Bryans: Very upset indeed because of the homosexual nature.
It was at this stage that Lord Chancellor Hailsham came to the defence of his friend and former pupil-in-chambers Monteith, and started interfering as you claim in you synopsis for Century. It is interesting to note that Hailsham has sued neither you nor Century for your widely published allegations, because, of course, as you and Lord Shackleton agree ‘Too much would come out.’ I certainly was not allowed to call Sir Knox Cunningham as a witness for him to describe how he recited Monteith’s ‘disgusting Orangeman’s doggerel’ (Lord Justice Phillimore’s remark) about buggery at political meetings, and how Cunningham himself and his fellow-pederasts in Belfast set up the Forrest Reid Memorial Scheme to further gay cause which Reid spent his life promoting. Many people thought Cunningham went too far in getting the Queen’s Uncle, Earl Granville, to be Patron of this homosexual outfit. But it was Lord Mountbattten who outlived Granville to promote Forrest Reid’s adoration of YOUNG TOM, the story based on Kenneth Hamilton, whose three-year old relation, still alive today, was raped by Mountbatten’s friend.
In March 1990 Frank Doherty, editor of NOW magazine flew to London to do the next month’s edition about Mountbatten and myself. After getting material from Mr Ken Livingstone MP and yourself he wrote under the headline, ‘MOUNTBATTEN WAS PART OF A GAY RING WHICH WAS LINKED WITH KINCORA.’
In one letter, of which ‘Now’ has obtained a copy from another source, there is a reference to an alleged incident at Birr, Co Offaly. It refers to ‘the old snapshots at Birr Castle showing the late Lord Rosse getting Alan Price to flash his prize codpiece for Lord Mountbatten and Anthony Blunt.’ If the judicial inquiry for which some MPs have been calling is set up, inspection of Bryans’ letters and cross-examination of those who received them would open a huge can of worms…’

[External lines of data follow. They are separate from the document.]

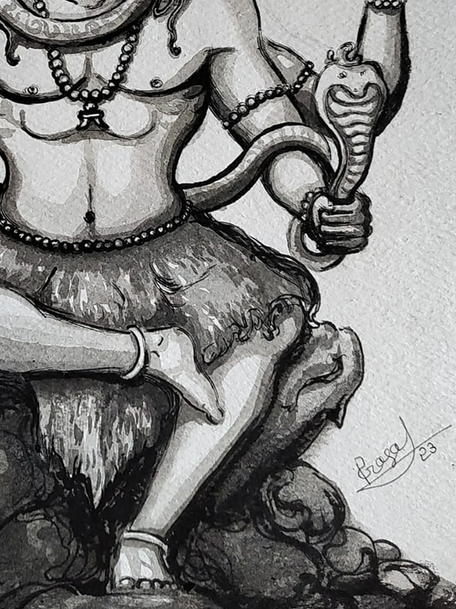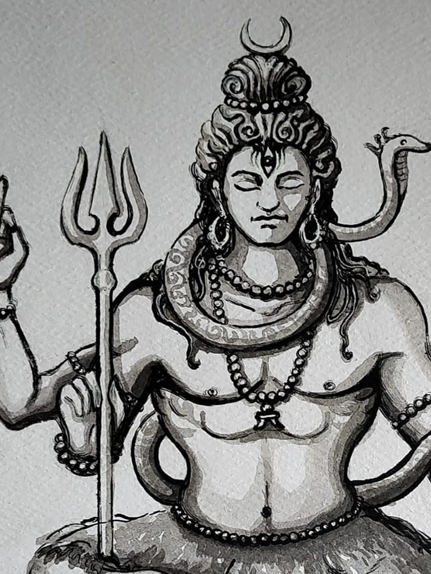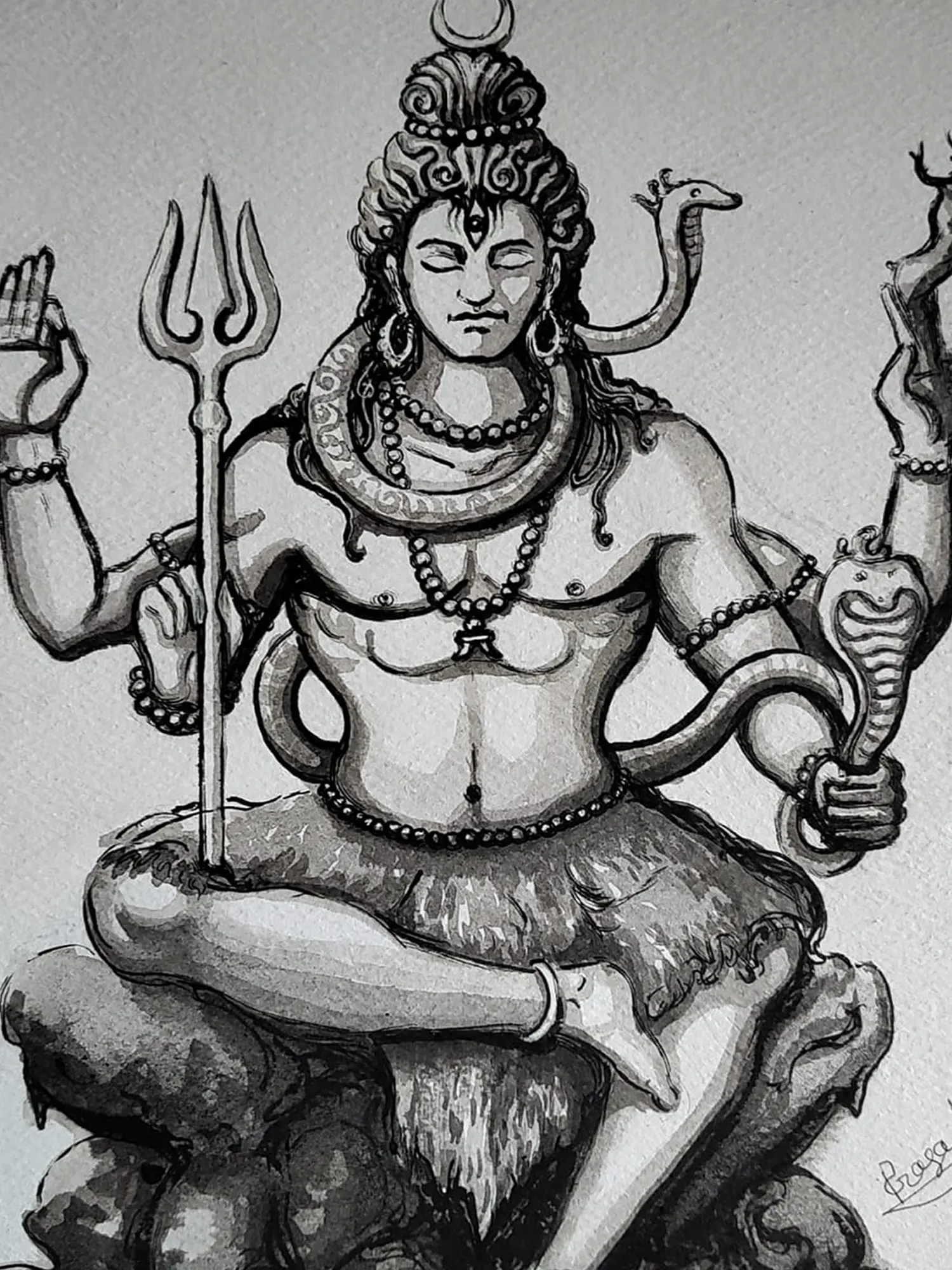 Shiva As An Archer Seated Astride On Nandi Painting | Water Color On Paper | By Sanjay Kumar Soni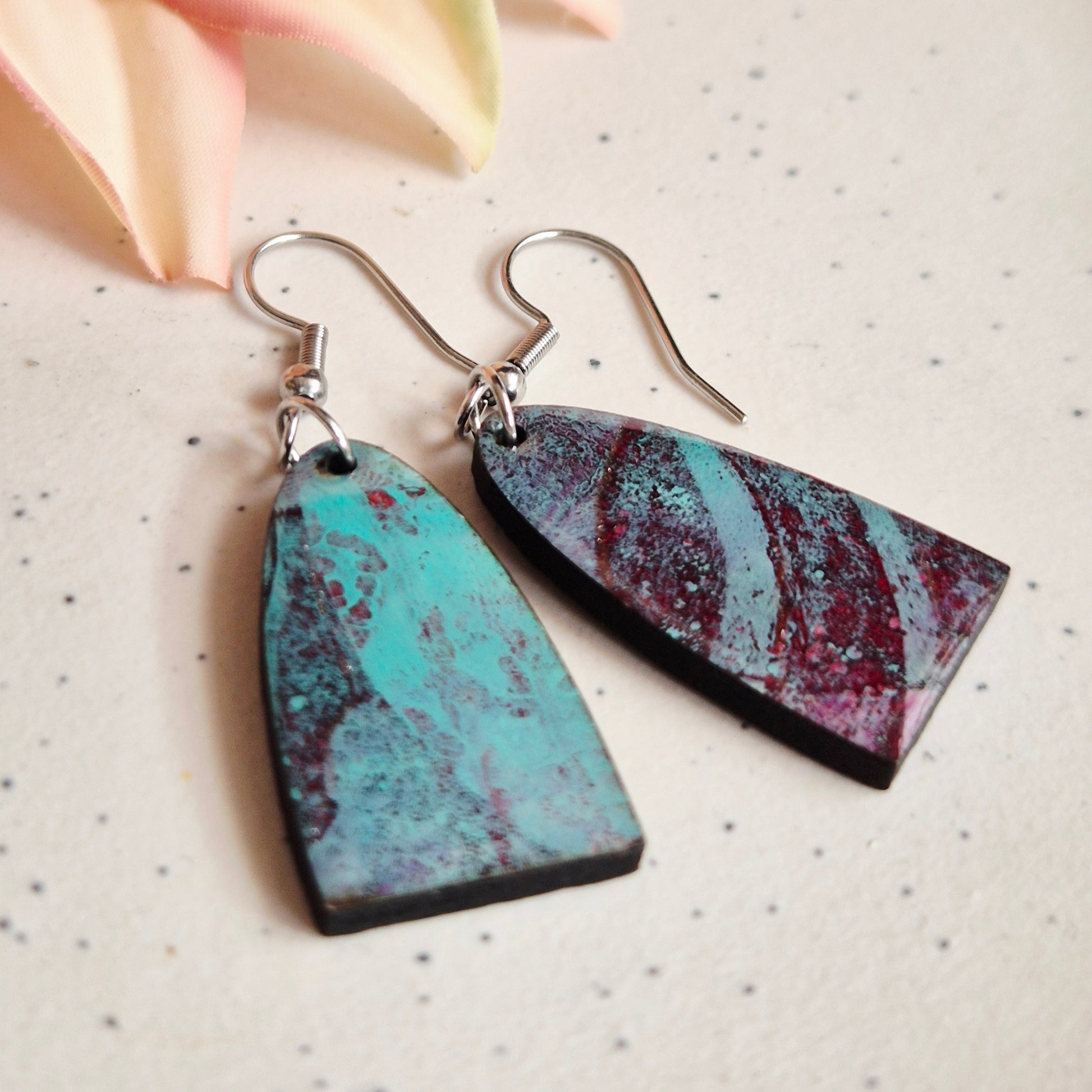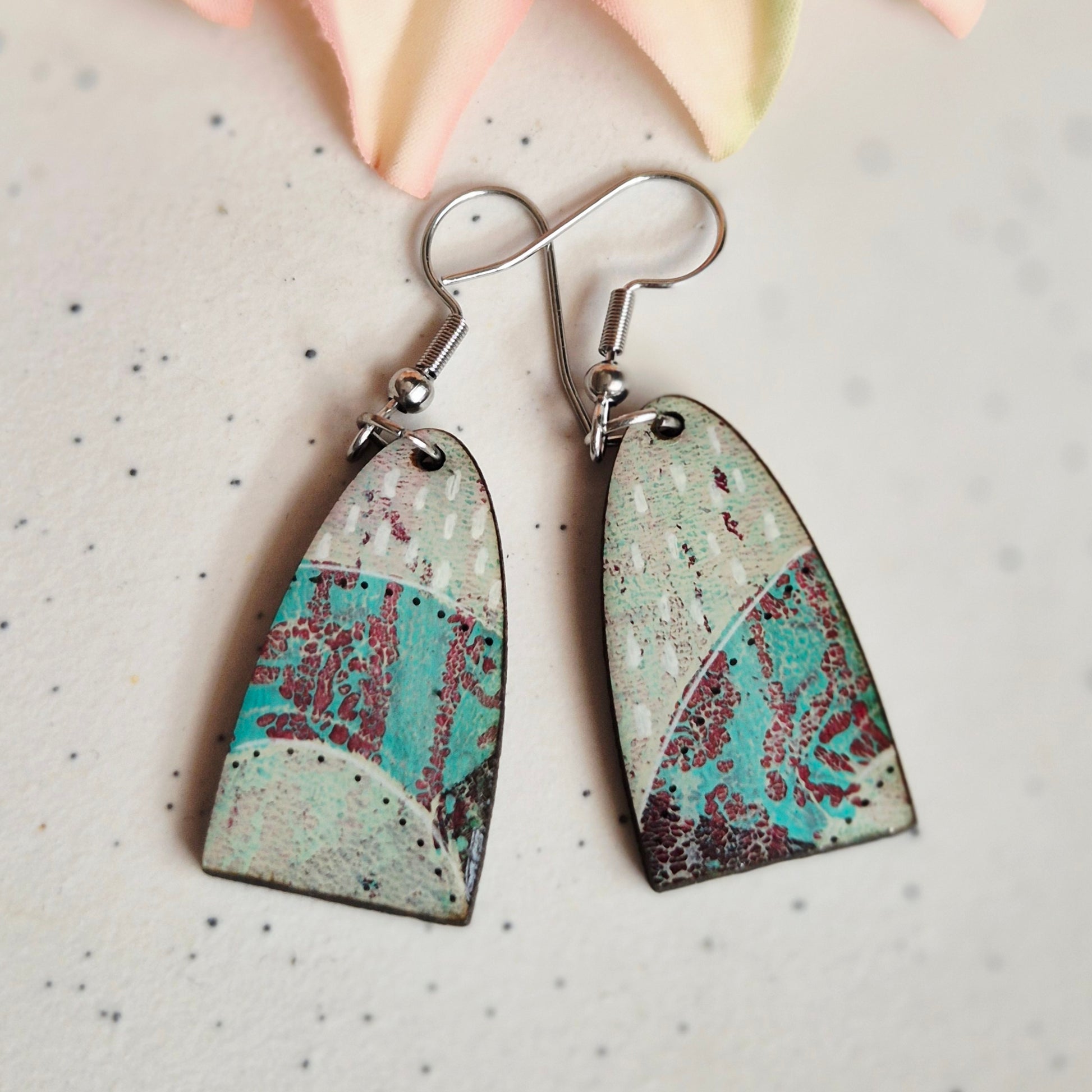 Created from my own original gel plate print (Turquoise and purple with black/white art pen details) and transformed into gorgeous drop earrings, these Gel Plate Arch Drops are all one-of-a-kind and unique.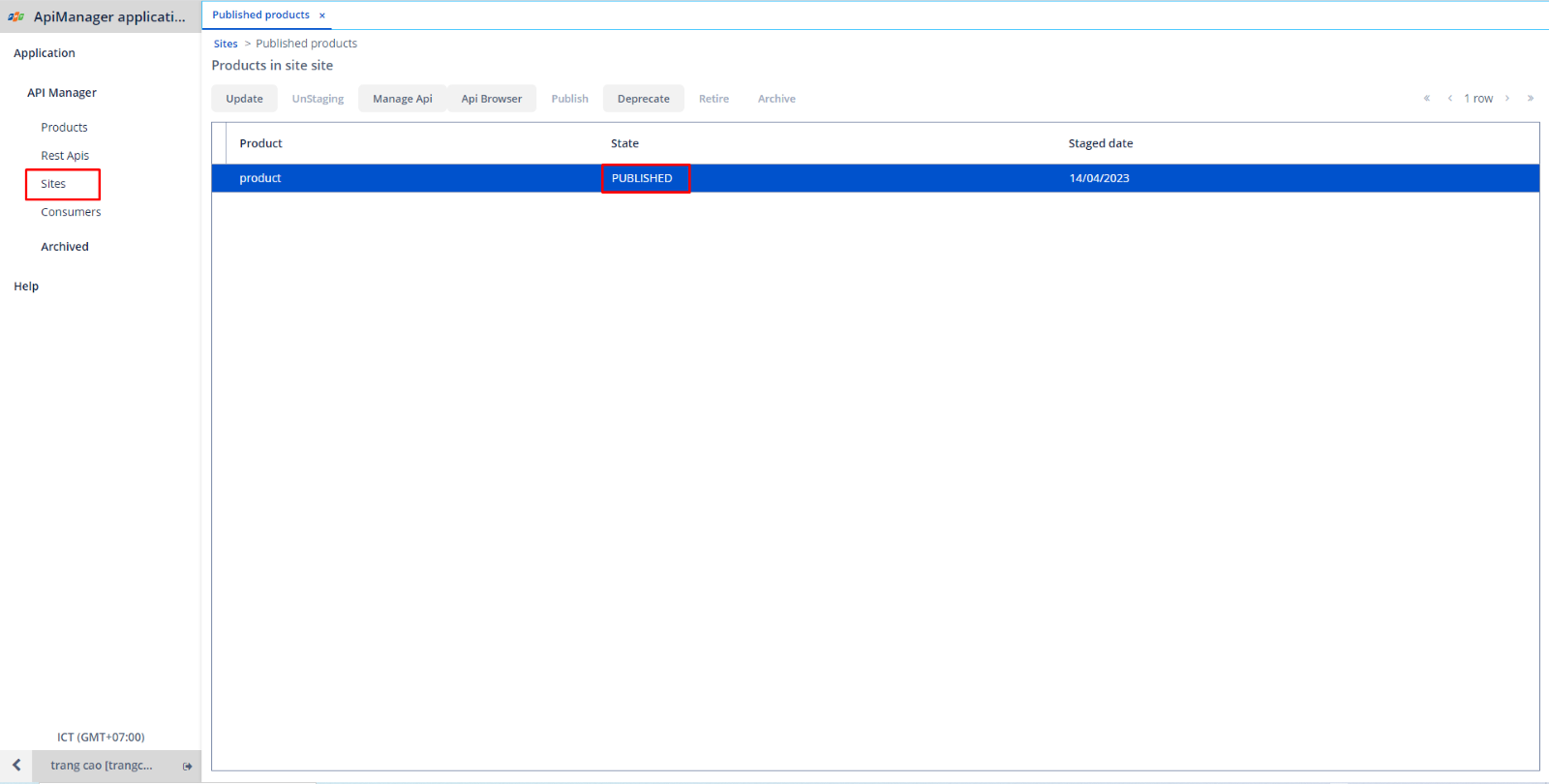 Note : When a product is staged onto a site, consumers still cannot use the APIs within that product. Users need to publish the product for consumers to use it.

The present Earl of Rosse wrote to me in my capacity as a family executor on 17 February 1986, ‘I have the archivist from the Public Records Office back here for a week when I hope to get these and other additions inserted into our archival system. Meanwhile I hope you may be hearing from my niece Sarah how thrilled she was with the picture.’ The niece being Lady Sarah Armstrong Jones, daughter of Princess Margaret, and the picture being a famous study of Sarah’s grandfather, King George VI which I brought from Windsor in 1956 after the Duchess of Newcastle died and Forest Farm was pulled down.
Since neither you nor Ken Livingstone know the part Lord Mountbatten played behind the scene in Ulster politics and since neither of you has interviewed those still-alive who were hosts to Mountbatten and me when the acrimonious disputes erupted, I must divorce myself from many of your published views which are mere speculations, as were those of Monteith who, when cornered in the High Court witness-box, was forced to admit that he had never met Forest Reid. When the full story is told you will realise why I refused to go along with your synopsis which Century so wanted to publish in my name.
You will find that Lord Shackleton and members of the Royal household, who were witnesses of certain incidents in my book, were not the only people to whom I wrote concerning the allegations in your synopsis, and which resulted in Lady Avon serving a writ on Century. Mountbatten was certainly a devious character, but a most interesting one none the less, and perhaps not the sex monster you imagine without producing evidence to support your claims. He certainly knew Tom Driberg well and got him to show his nephew Prince Philip around the Houses of Parliament. But that hardly makes Mountbatten the friend you like to think him, just as Princess Margaret is not a lesbian simply because she is closely involved with some gays.
On the other hand, after Mountbatten’s murder, Princess Margaret hardly improved matters by calling the Irish ‘such pigs’. After all, it was not in the privacy of Birr Castle that Princess Margaret’s boyfriend was displaying his ‘prize cod-piece’ but on a West Indian beach for a Sunday newspaper to photograph, as you rightly pointed out to me. In due course I shall answer some more of your many questions.